▶ [Problem requirements]
Transcribe each line of the material as it is, and drop any picture.

▶ [Records provided]
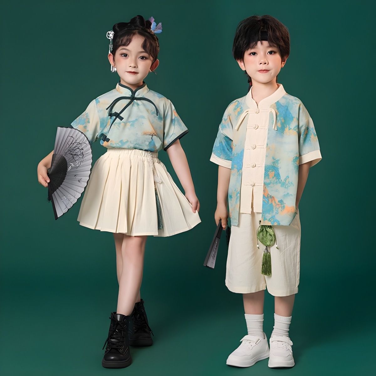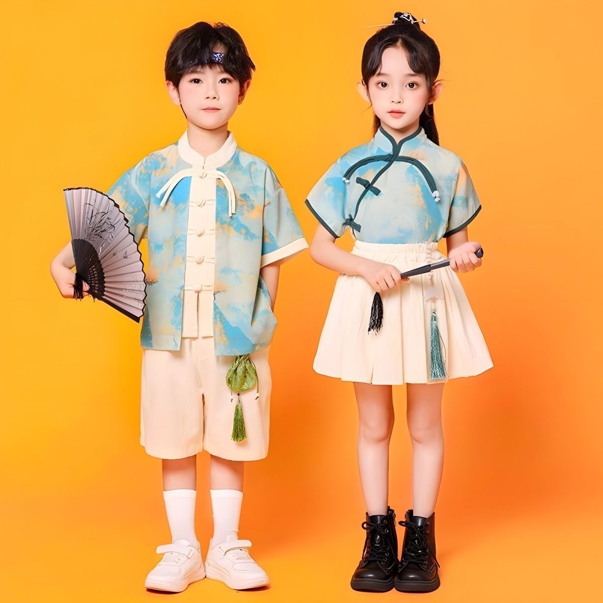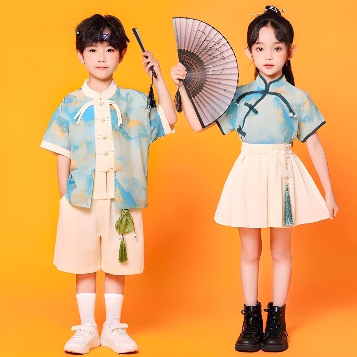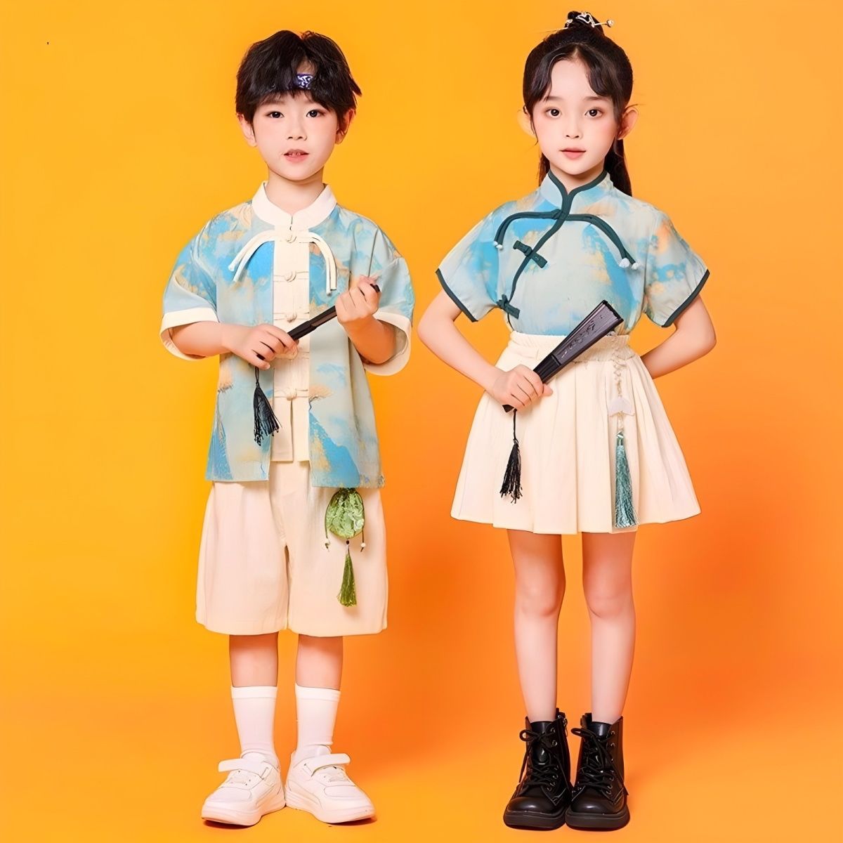 儿童中国风演出服朗诵合唱舞蹈表演服装运动会班服男女童汉服套装
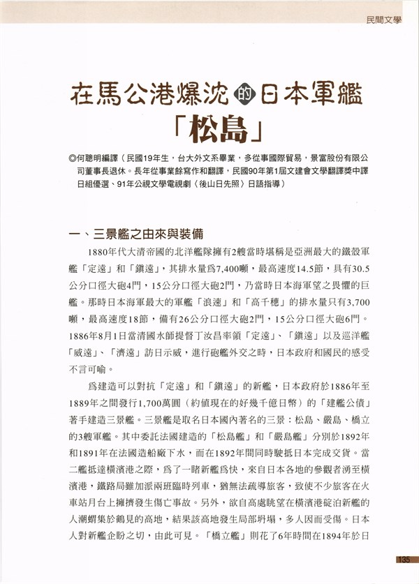 《硓古石》季刊第34期〈在馬公港報沈的日本軍艦 — 松島〉 -
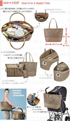 スキップホップ トートバッグ マザーズバッグ 2way SKIP HOP 軽量 大容量 オムツ替え シート付 収納 バギー マザーバッグ デュエット 2 イン 1 ママバッグ 大きめ 贈り物 ギフト
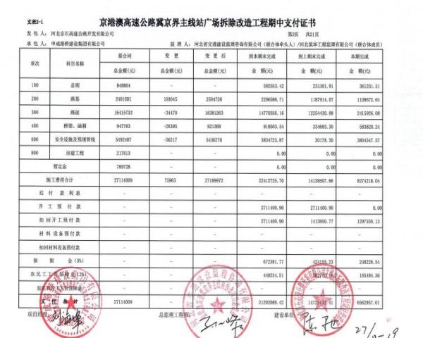 京港澳高速公路冀京界主線站廣場拆除改造工程期中支付證書
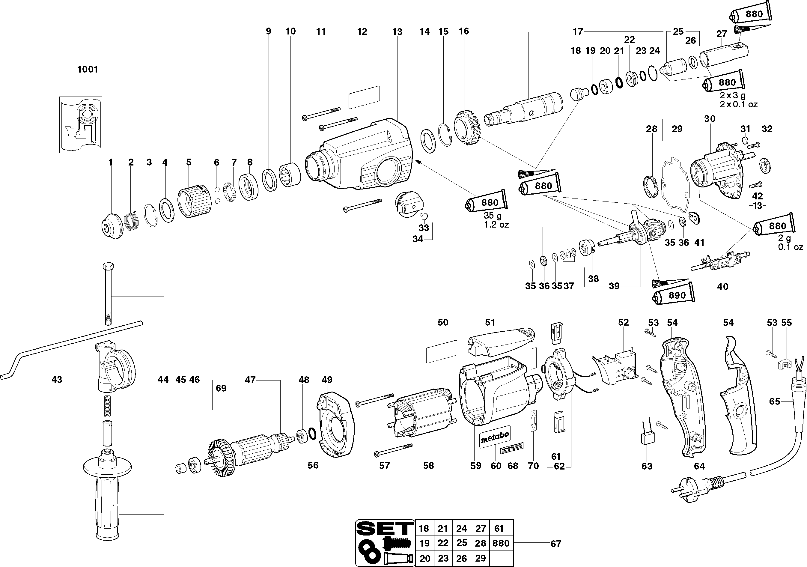 Onderdelen lijst van de Metabo 00242000 ( BHE22 )
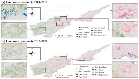Land use changes during each period were analyzed and are presented in Figure 4. The distribution of land use in the Yellow River Basin of Henan Province was described for the periods 2000–2010 and 2010–2020. Land use types included cropland, impervious land (construction land), forest land, grassland, water, shrubland, and barren land. From 2000 to 2010, significant changes in land use occurred, particularly in the conversion of cropland, which amounted to 2592.73 km2. Approximately 50.01% of this transferred cropland was converted to impervious land, 28.29% to forest land, and only 0.34 km2 to barren land (Figure 5a). During the period 2010–2020, the conversion of cropland remained significant, totaling 2293.34 km2. During this period, impervious land had the highest conversion rate, accounting for approximately 56.30% of the total conversion (Figure 5b).
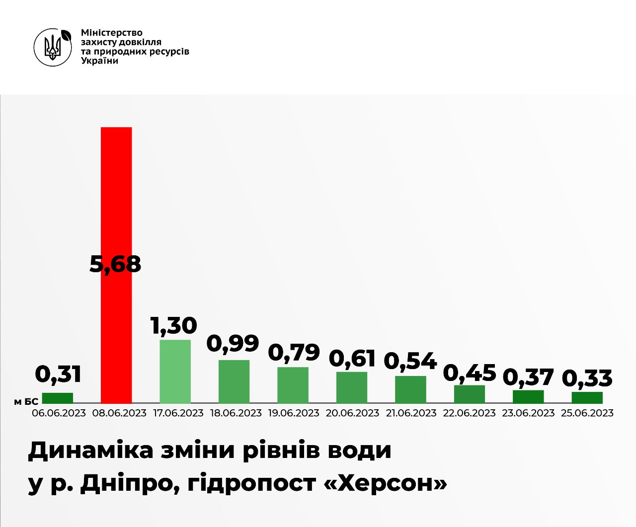 Станом на 25 червня річка Дніпро у Херсоні повернулась у межі русла. Рівень води становить 33 см. За добу рівень знизився на 4 см, сумарний спад з часу підриву Каховської ГЕС – 5 м 35 см.
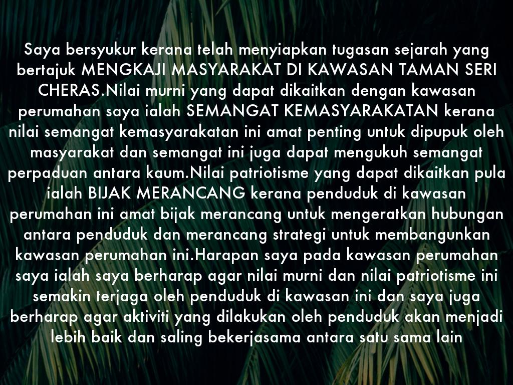 Saya bersyukur kerana telah menyiapkan tugasan sejarah yang bertajuk MENGKAJI MASYARAKAT DI KAWASAN TAMAN SERI CHERAS.Nilai murni yang dapat dikaitkan dengan kawasan perumahan saya ialah SEMANGAT KEMASYARAKATAN kerana nilai semangat kemasyarakatan ini amat penting untuk dipupuk oleh masyarakat dan semangat ini juga dapat mengukuh semangat perpaduan antara kaum.Nilai patriotisme yang dapat dikaitkan pula ialah BIJAK MERANCANG kerana penduduk di kawasan perumahan ini amat bijak merancang untuk mengeratkan hubungan antara penduduk dan merancang strategi untuk membangunkan kawasan perumahan ini.Harapan saya pada kawasan perumahan saya ialah saya berharap agar nilai murni dan nilai patriotisme ini semakin terjaga oleh penduduk di kawasan ini dan saya juga berharap agar aktiviti yang dilakukan oleh penduduk akan menjadi lebih baik dan saling bekerjasama antara satu sama lain.
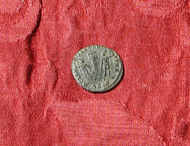 Dritto: busto di profilo, laureato, drappeggiato e corazzato di Costante a d.; c. perlinato. Rovescio: due soldati elmati, affiancati, stanti di fronte con le teste rivolte l'una verso l'altra, tengono una lancia verticale nella mano d. alzata ed uno scudo nella s.; nel mezzo un'insegna; c. perlinato
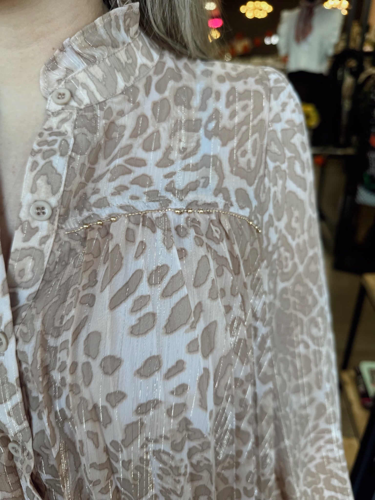 ANIMAL PRINT CHIFFON WITH LUREX PLEATED BLOUSE
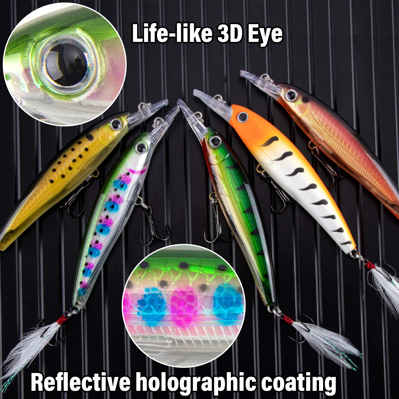 Este señuelo de pesca jerkbait cuenta con ojos 3D realistas, placas branquias de peces y revestimiento reflectante para reflejar la luz bajo el agua y atraer la atención de los peces, imitando las formas y colores de los peces reales para mejorar significativamente las posibilidades de un bocado.
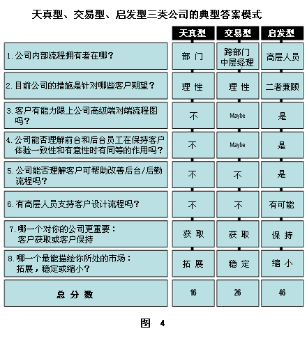 • 图4诠释出天真型、交易型、启发型三类公司的典型答案模式。
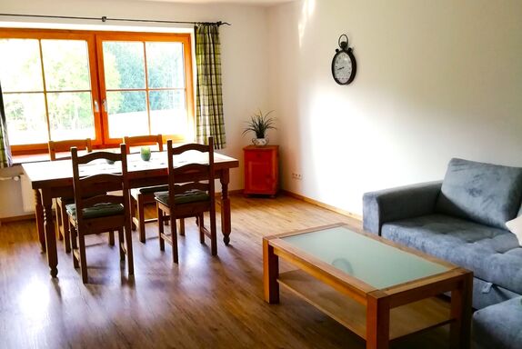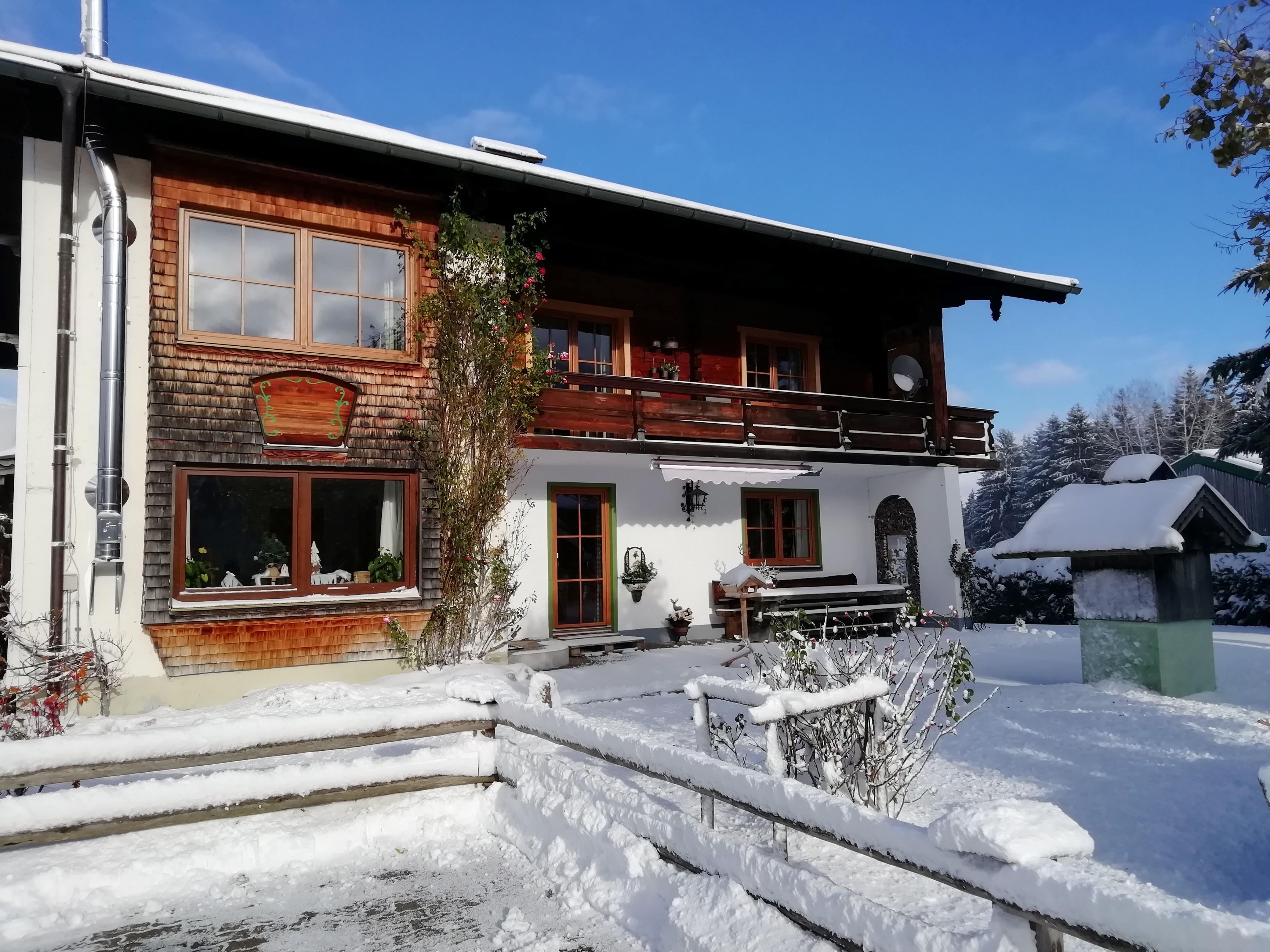 Herzlich Willkommen in unserer komplett eingerichteten, mit 100qm sehr geräumigen Ferienwohnung inklusive Bettwäsche und Handtücher.Die Wohnung bietet Wohnbereich mit Flachbild-TV und Sattelitenempfang. Die vollausgestattete Küche hat Backofen, Geschirrspülmaschine, Toaster, Kühlschrank mit Tiefkühlfach, Wasserkocher, Kaffeemaschine sowie eine Essbereich. Das Badezimmer hat eine Badewanne, Dusche, Haartrockner.Die Wohnung hat zwei Schlafzimmer, das erste mit 20qm und Bett 1,80x2,00 Meter, das zweite Schlafzimmer ist 14qm groß und hat ein Bette 1,60x2,00 Meter.Vom Balkon der Wohnung kann man dank der ruhigen Lage den Bergblick, die Sonne und den Blick in Garten und umliegende Natur in vollen Zügen genießen.Grillmöglichkeit im Garten vorhanden. Abstellraum für Ski. Urige Keller-Bar wo Sie Weihnachten/Silvester ihr Fondue oder Raclette geniessen können. Das Rauchen ist auf dem Balkon erlaubt, in der Wohnung allerdings nicht.Auch Motorradfahrer und E-Biker sind bei uns herzlich Willkommen.Neu ab Dezember 2024 Chiemgau Karte. Der Vorteil für Sie: Noch mehr Vergünstigungen was Ihren Urlaub noch Atraktiver macht.Familie Gimpl freut sich auf euch mit einem Begrüßungs Drink, und für die Kinder gibt's eine kleine Überraschung.

▶ [Answer section]
 儿童中国风演出服朗诵合唱舞蹈表演服装运动会班服男女童汉服套装
 《硓古石》季刊第34期〈在馬公港報沈的日本軍艦 — 松島〉 -
 スキップホップ トートバッグ マザーズバッグ 2way SKIP HOP 軽量 大容量 オムツ替え シート付 収納 バギー マザーバッグ デュエット 2 イン 1 ママバッグ 大きめ 贈り物 ギフト
 京港澳高速公路冀京界主線站廣場拆除改造工程期中支付證書
 Onderdelen lijst van de Metabo 00242000 ( BHE22 )
Land use changes during each period were analyzed and are presented in Figure 4. The distribution of land use in the Yellow River Basin of Henan Province was described for the periods 2000–2010 and 2010–2020. Land use types included cropland, impervious land (construction land), forest land, grassland, water, shrubland, and barren land. From 2000 to 2010, significant changes in land use occurred, particularly in the conversion of cropland, which amounted to 2592.73 km2. Approximately 50.01% of this transferred cropland was converted to impervious land, 28.29% to forest land, and only 0.34 km2 to barren land (Figure 5a). During the period 2010–2020, the conversion of cropland remained significant, totaling 2293.34 km2. During this period, impervious land had the highest conversion rate, accounting for approximately 56.30% of the total conversion (Figure 5b).
 Станом на 25 червня річка Дніпро у Херсоні повернулась у межі русла. Рівень води становить 33 см. За добу рівень знизився на 4 см, сумарний спад з часу підриву Каховської ГЕС – 5 м 35 см.
 Saya bersyukur kerana telah menyiapkan tugasan sejarah yang bertajuk MENGKAJI MASYARAKAT DI KAWASAN TAMAN SERI CHERAS.Nilai murni yang dapat dikaitkan dengan kawasan perumahan saya ialah SEMANGAT KEMASYARAKATAN kerana nilai semangat kemasyarakatan ini amat penting untuk dipupuk oleh masyarakat dan semangat ini juga dapat mengukuh semangat perpaduan antara kaum.Nilai patriotisme yang dapat dikaitkan pula ialah BIJAK MERANCANG kerana penduduk di kawasan perumahan ini amat bijak merancang untuk mengeratkan hubungan antara penduduk dan merancang strategi untuk membangunkan kawasan perumahan ini.Harapan saya pada kawasan perumahan saya ialah saya berharap agar nilai murni dan nilai patriotisme ini semakin terjaga oleh penduduk di kawasan ini dan saya juga berharap agar aktiviti yang dilakukan oleh penduduk akan menjadi lebih baik dan saling bekerjasama antara satu sama lain.
 Dritto: busto di profilo, laureato, drappeggiato e corazzato di Costante a d.; c. perlinato. Rovescio: due soldati elmati, affiancati, stanti di fronte con le teste rivolte l'una verso l'altra, tengono una lancia verticale nella mano d. alzata ed uno scudo nella s.; nel mezzo un'insegna; c. perlinato
 ANIMAL PRINT CHIFFON WITH LUREX PLEATED BLOUSE
 Este señuelo de pesca jerkbait cuenta con ojos 3D realistas, placas branquias de peces y revestimiento reflectante para reflejar la luz bajo el agua y atraer la atención de los peces, imitando las formas y colores de los peces reales para mejorar significativamente las posibilidades de un bocado.
 • 图4诠释出天真型、交易型、启发型三类公司的典型答案模式。
 Herzlich Willkommen in unserer komplett eingerichteten, mit 100qm sehr geräumigen Ferienwohnung inklusive Bettwäsche und Handtücher.Die Wohnung bietet Wohnbereich mit Flachbild-TV und Sattelitenempfang. Die vollausgestattete Küche hat Backofen, Geschirrspülmaschine, Toaster, Kühlschrank mit Tiefkühlfach, Wasserkocher, Kaffeemaschine sowie eine Essbereich. Das Badezimmer hat eine Badewanne, Dusche, Haartrockner.Die Wohnung hat zwei Schlafzimmer, das erste mit 20qm und Bett 1,80x2,00 Meter, das zweite Schlafzimmer ist 14qm groß und hat ein Bette 1,60x2,00 Meter.Vom Balkon der Wohnung kann man dank der ruhigen Lage den Bergblick, die Sonne und den Blick in Garten und umliegende Natur in vollen Zügen genießen.Grillmöglichkeit im Garten vorhanden. Abstellraum für Ski. Urige Keller-Bar wo Sie Weihnachten/Silvester ihr Fondue oder Raclette geniessen können. Das Rauchen ist auf dem Balkon erlaubt, in der Wohnung allerdings nicht.Auch Motorradfahrer und E-Biker sind bei uns herzlich Willkommen.Neu ab Dezember 2024 Chiemgau Karte. Der Vorteil für Sie: Noch mehr Vergünstigungen was Ihren Urlaub noch Atraktiver macht.Familie Gimpl freut sich auf euch mit einem Begrüßungs Drink, und für die Kinder gibt's eine kleine Überraschung.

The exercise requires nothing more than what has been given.